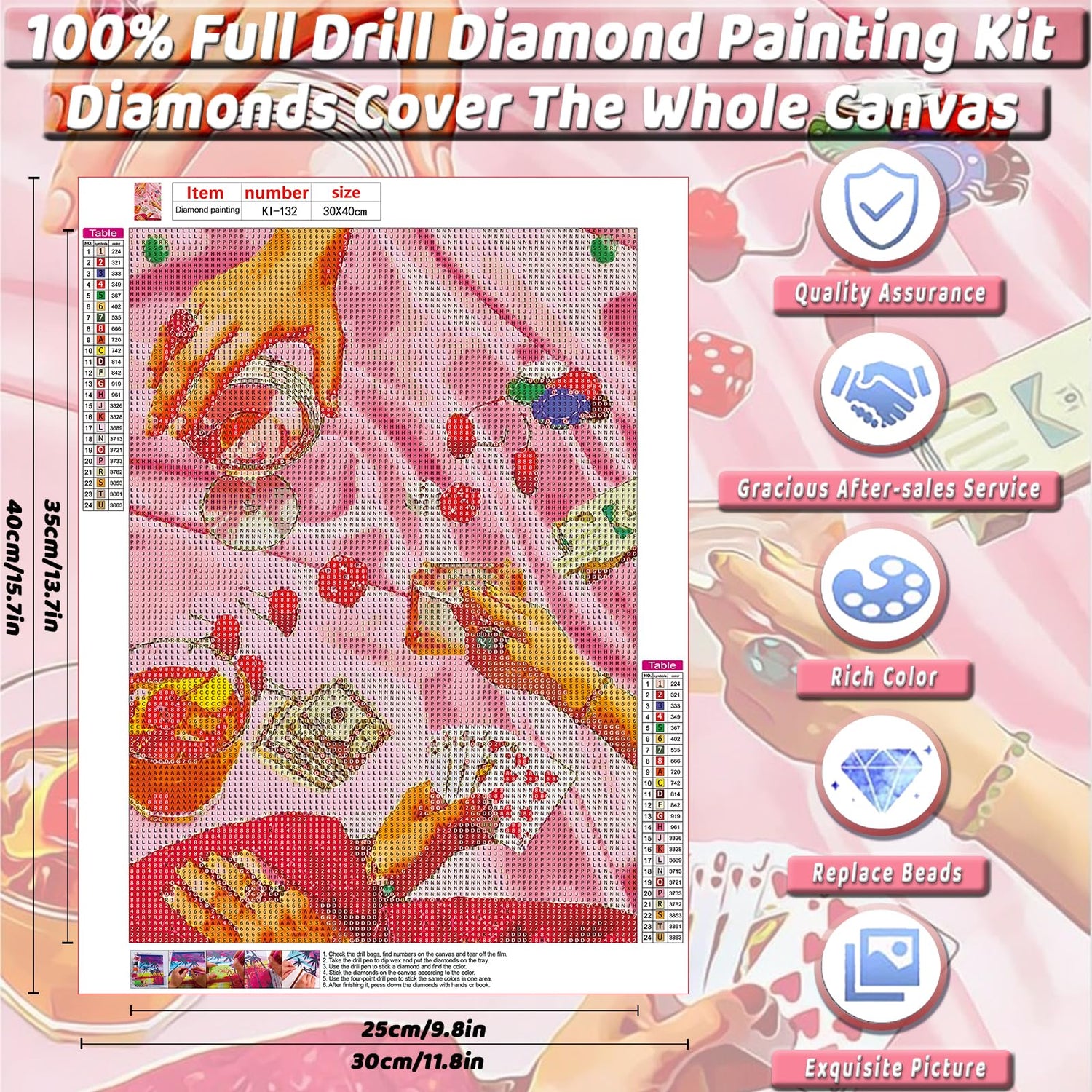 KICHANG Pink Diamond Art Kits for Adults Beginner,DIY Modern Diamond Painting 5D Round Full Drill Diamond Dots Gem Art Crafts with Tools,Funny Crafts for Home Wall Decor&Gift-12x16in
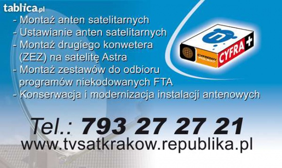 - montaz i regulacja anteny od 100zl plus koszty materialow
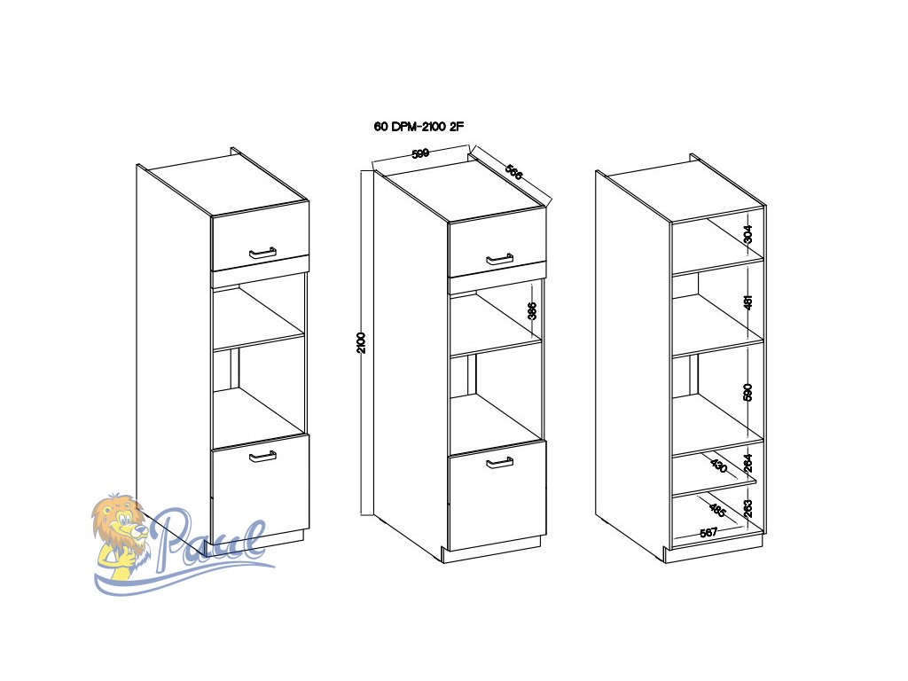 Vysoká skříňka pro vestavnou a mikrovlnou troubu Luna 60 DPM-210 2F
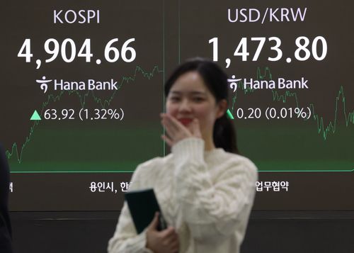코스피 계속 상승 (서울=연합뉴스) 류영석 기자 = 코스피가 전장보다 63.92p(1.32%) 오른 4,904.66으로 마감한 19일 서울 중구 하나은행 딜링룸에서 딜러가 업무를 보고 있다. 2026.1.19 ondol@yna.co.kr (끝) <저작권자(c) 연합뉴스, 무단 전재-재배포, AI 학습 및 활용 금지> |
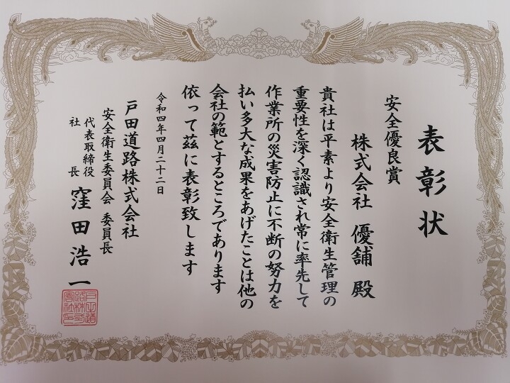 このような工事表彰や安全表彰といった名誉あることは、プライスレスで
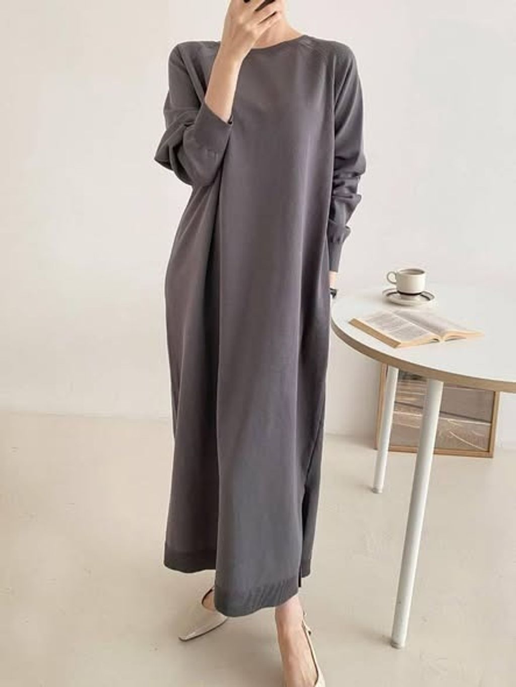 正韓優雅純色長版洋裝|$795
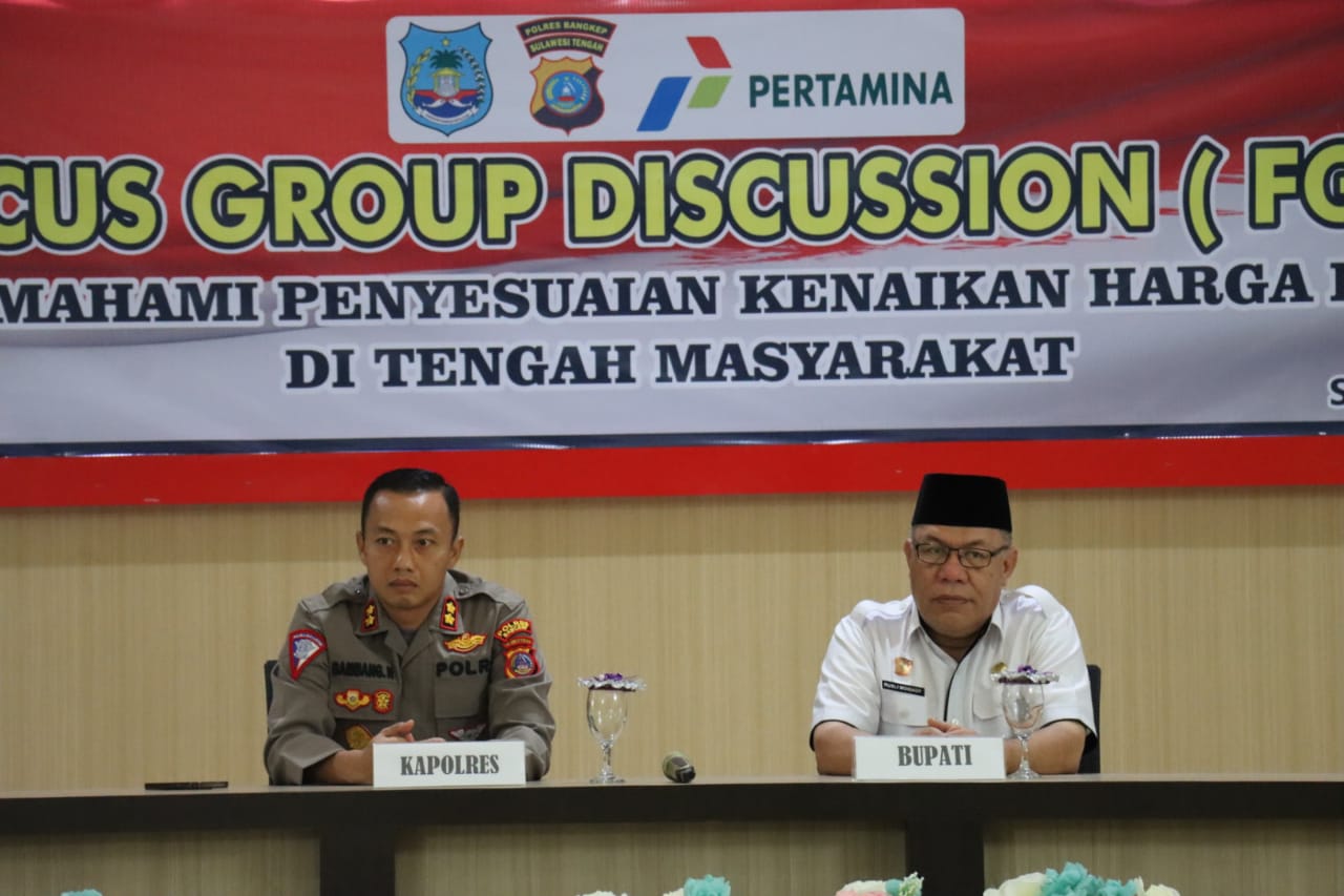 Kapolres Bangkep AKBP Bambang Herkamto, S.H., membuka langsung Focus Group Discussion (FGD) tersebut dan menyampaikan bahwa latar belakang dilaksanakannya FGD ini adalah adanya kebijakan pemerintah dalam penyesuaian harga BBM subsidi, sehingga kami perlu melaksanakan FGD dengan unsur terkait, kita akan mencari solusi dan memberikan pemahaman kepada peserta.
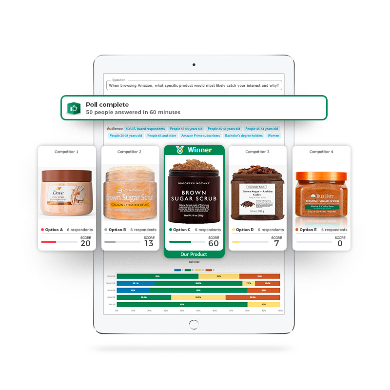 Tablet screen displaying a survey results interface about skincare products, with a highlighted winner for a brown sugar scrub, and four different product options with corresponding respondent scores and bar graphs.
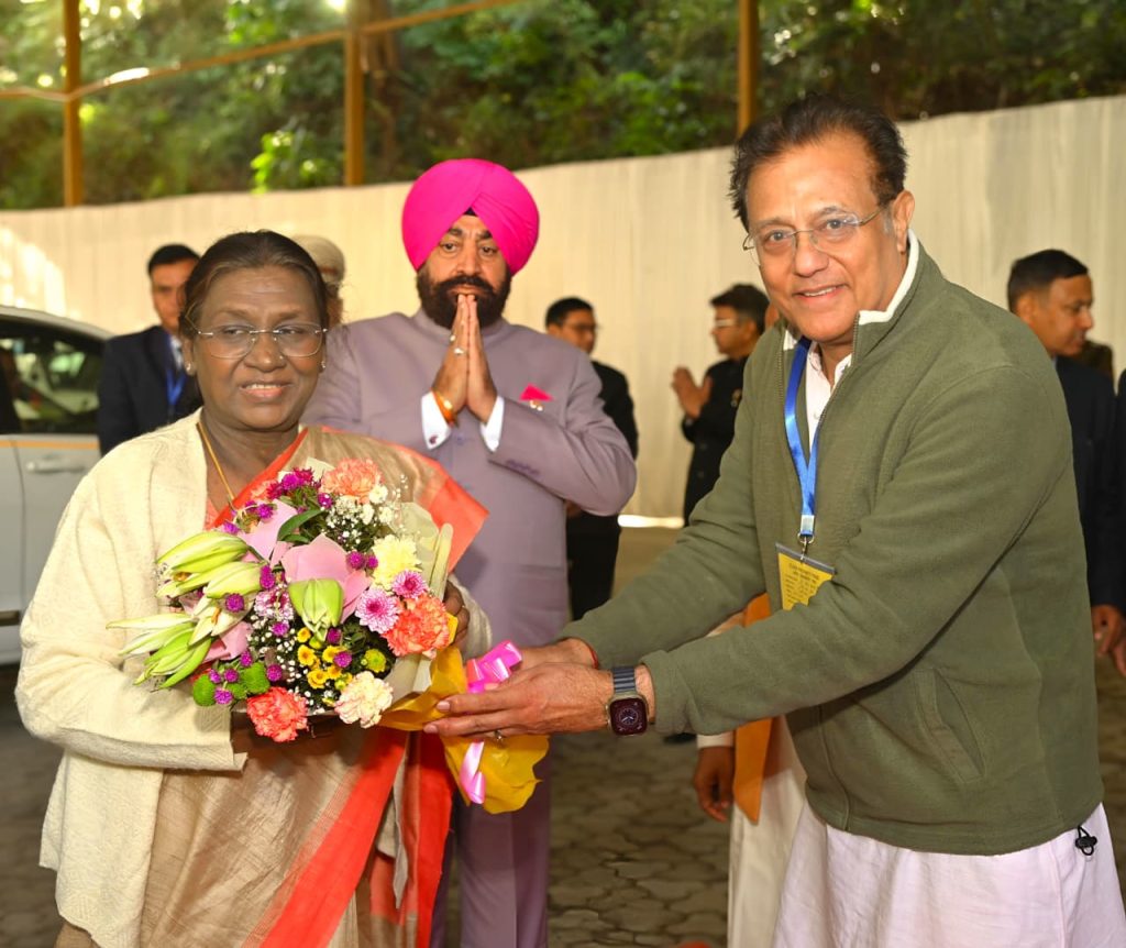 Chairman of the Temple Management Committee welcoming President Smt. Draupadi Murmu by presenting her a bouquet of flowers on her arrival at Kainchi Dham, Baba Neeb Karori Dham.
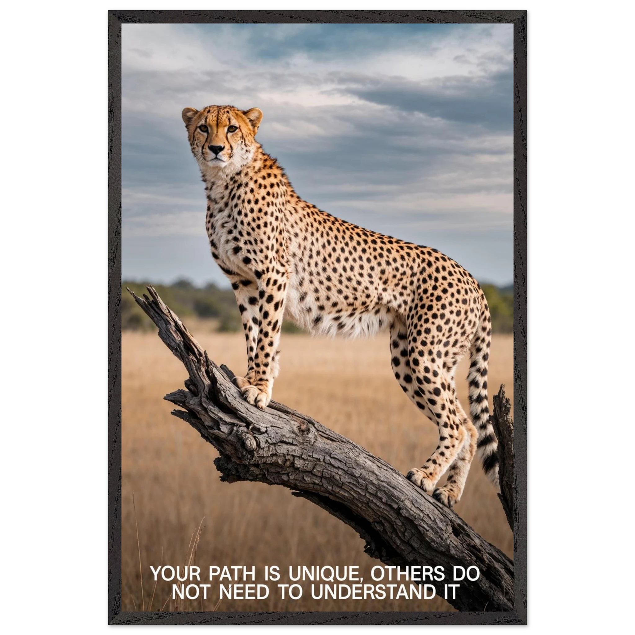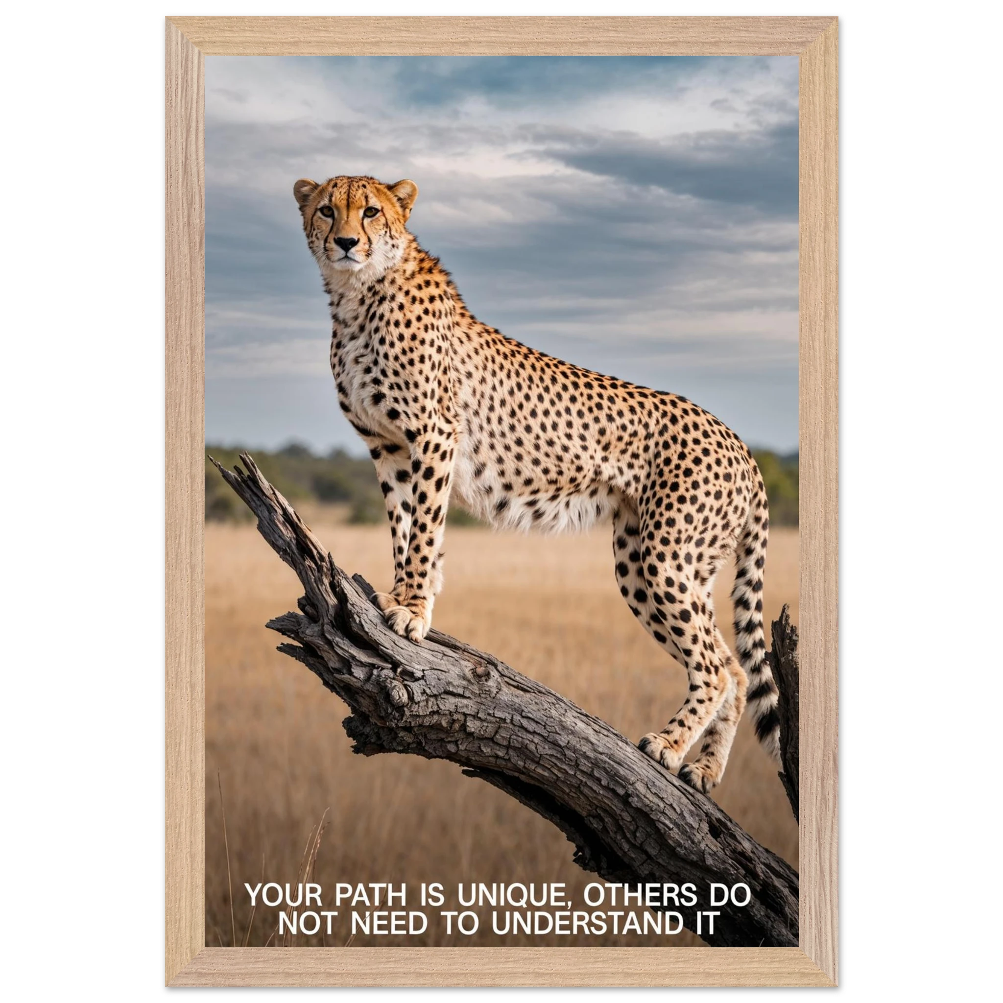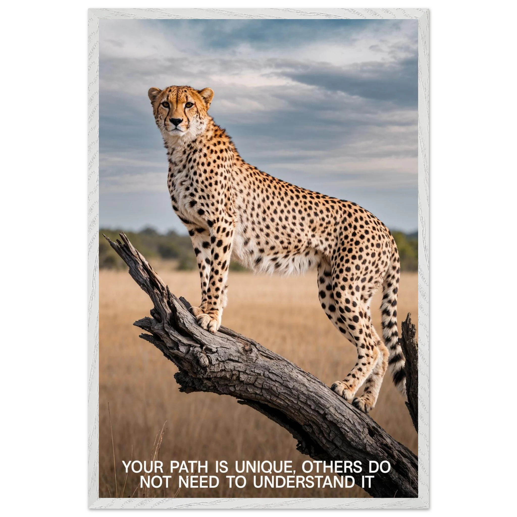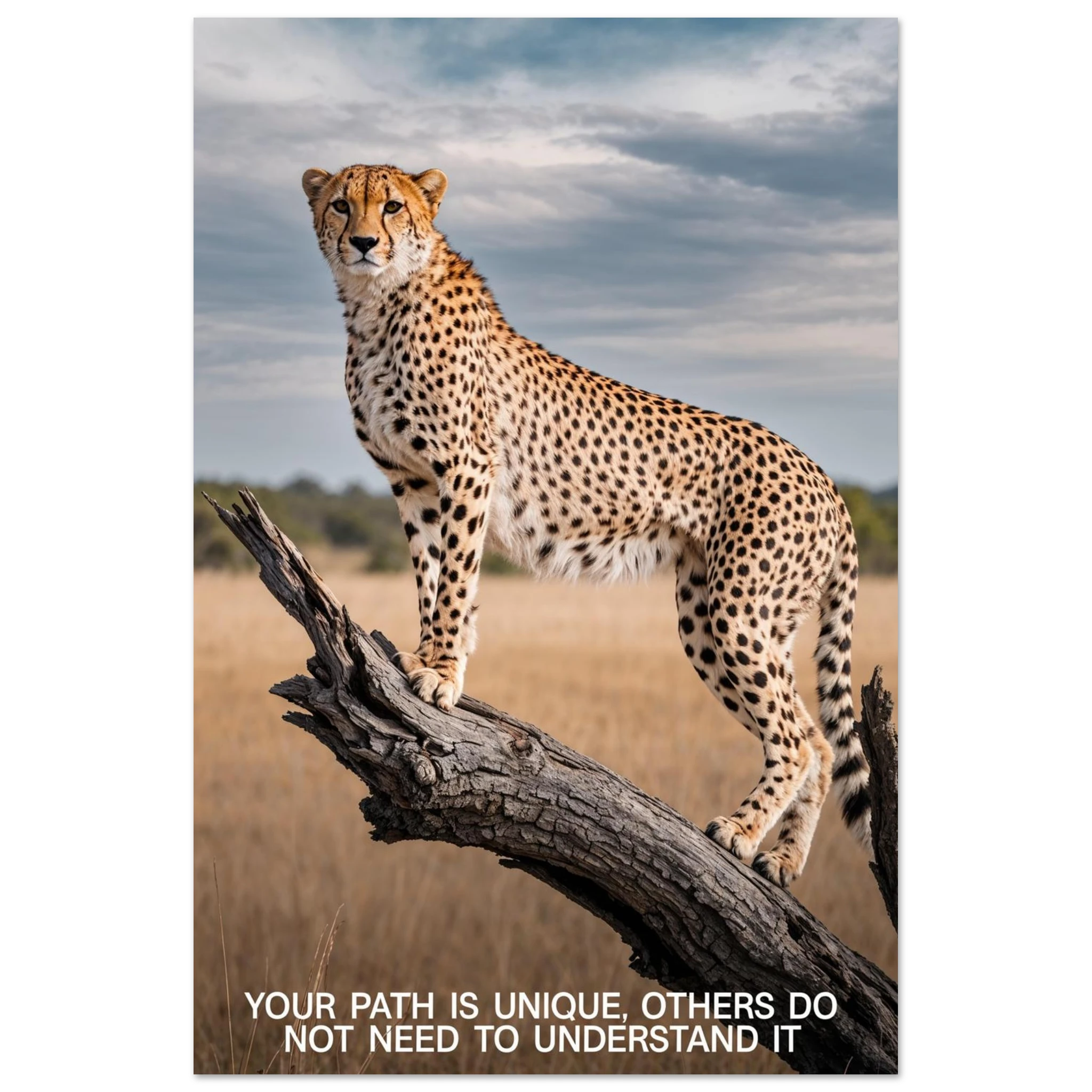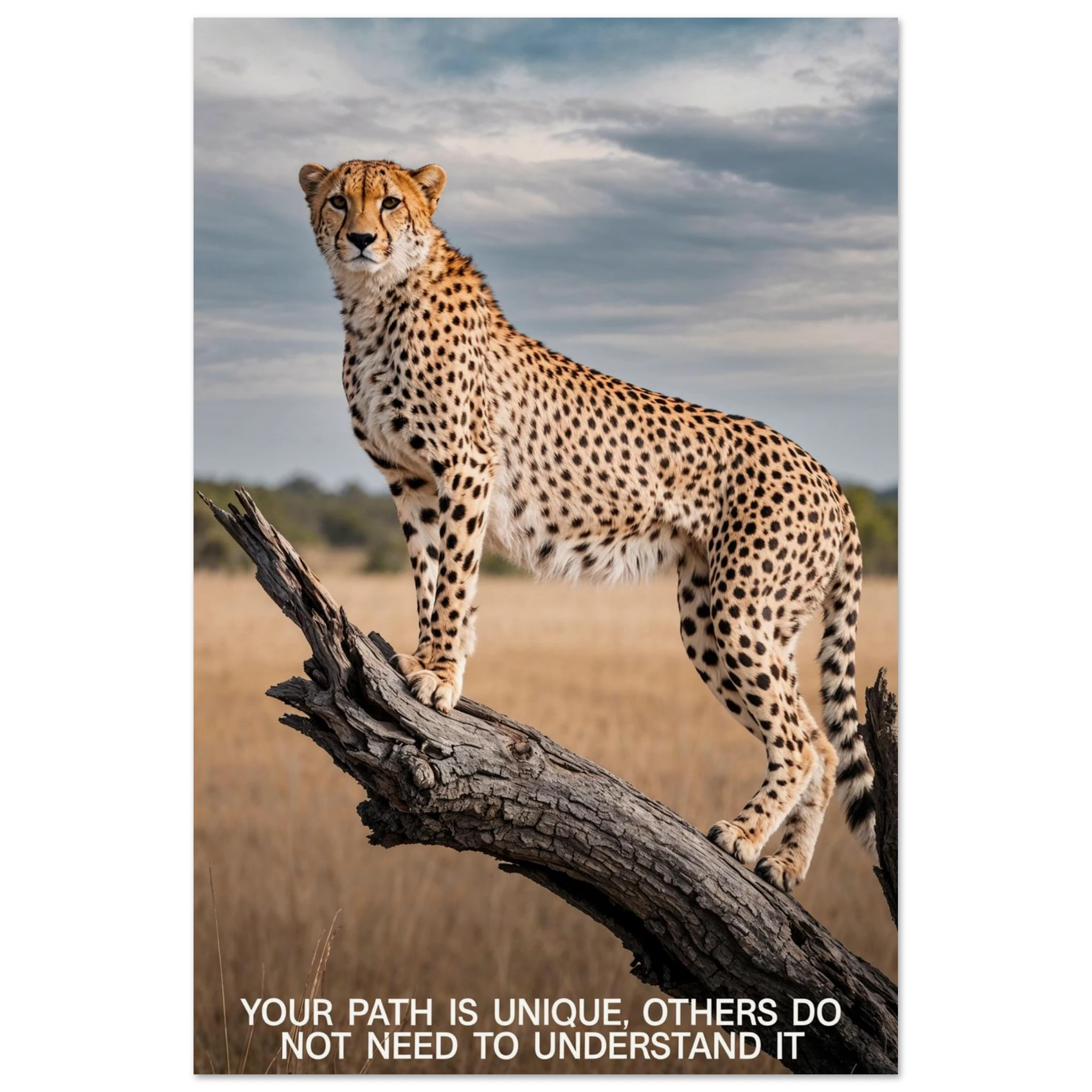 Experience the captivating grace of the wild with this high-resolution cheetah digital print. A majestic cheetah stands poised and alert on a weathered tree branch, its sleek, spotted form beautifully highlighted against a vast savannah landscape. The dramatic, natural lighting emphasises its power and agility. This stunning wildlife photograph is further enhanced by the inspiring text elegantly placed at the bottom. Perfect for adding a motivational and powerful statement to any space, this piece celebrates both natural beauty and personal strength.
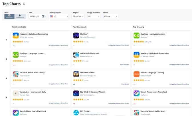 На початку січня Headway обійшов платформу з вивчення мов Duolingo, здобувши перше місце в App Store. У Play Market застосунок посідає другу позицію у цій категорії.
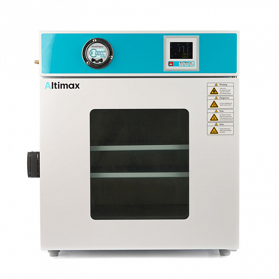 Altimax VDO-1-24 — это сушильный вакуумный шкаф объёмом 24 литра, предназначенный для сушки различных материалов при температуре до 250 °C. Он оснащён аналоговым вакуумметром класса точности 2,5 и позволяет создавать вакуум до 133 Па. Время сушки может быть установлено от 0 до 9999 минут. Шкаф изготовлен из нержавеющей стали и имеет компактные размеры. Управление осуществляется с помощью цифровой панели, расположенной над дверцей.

● ● ●

### [EXERCISE INSTRUCTIONS]
The copy must include every record exactly and none of the pictures.

### [THE ANSWER]
 KICHANG Pink Diamond Art Kits for Adults Beginner,DIY Modern Diamond Painting 5D Round Full Drill Diamond Dots Gem Art Crafts with Tools,Funny Crafts for Home Wall Decor&Gift-12x16in
 - montaz i regulacja anteny od 100zl plus koszty materialow
 Vysoká skříňka pro vestavnou a mikrovlnou troubu Luna 60 DPM-210 2F
코스피 계속 상승 (서울=연합뉴스) 류영석 기자 = 코스피가 전장보다 63.92p(1.32%) 오른 4,904.66으로 마감한 19일 서울 중구 하나은행 딜링룸에서 딜러가 업무를 보고 있다. 2026.1.19 ondol@yna.co.kr (끝) <저작권자(c) 연합뉴스, 무단 전재-재배포, AI 학습 및 활용 금지> |
 このような工事表彰や安全表彰といった名誉あることは、プライスレスで
 正韓優雅純色長版洋裝|$795
 Kapolres Bangkep AKBP Bambang Herkamto, S.H., membuka langsung Focus Group Discussion (FGD) tersebut dan menyampaikan bahwa latar belakang dilaksanakannya FGD ini adalah adanya kebijakan pemerintah dalam penyesuaian harga BBM subsidi, sehingga kami perlu melaksanakan FGD dengan unsur terkait, kita akan mencari solusi dan memberikan pemahaman kepada peserta.
 Tablet screen displaying a survey results interface about skincare products, with a highlighted winner for a brown sugar scrub, and four different product options with corresponding respondent scores and bar graphs.
 Chairman of the Temple Management Committee welcoming President Smt. Draupadi Murmu by presenting her a bouquet of flowers on her arrival at Kainchi Dham, Baba Neeb Karori Dham.
 Experience the captivating grace of the wild with this high-resolution cheetah digital print. A majestic cheetah stands poised and alert on a weathered tree branch, its sleek, spotted form beautifully highlighted against a vast savannah landscape. The dramatic, natural lighting emphasises its power and agility. This stunning wildlife photograph is further enhanced by the inspiring text elegantly placed at the bottom. Perfect for adding a motivational and powerful statement to any space, this piece celebrates both natural beauty and personal strength.
 На початку січня Headway обійшов платформу з вивчення мов Duolingo, здобувши перше місце в App Store. У Play Market застосунок посідає другу позицію у цій категорії.
 Altimax VDO-1-24 — это сушильный вакуумный шкаф объёмом 24 литра, предназначенный для сушки различных материалов при температуре до 250 °C. Он оснащён аналоговым вакуумметром класса точности 2,5 и позволяет создавать вакуум до 133 Па. Время сушки может быть установлено от 0 до 9999 минут. Шкаф изготовлен из нержавеющей стали и имеет компактные размеры. Управление осуществляется с помощью цифровой панели, расположенной над дверцей.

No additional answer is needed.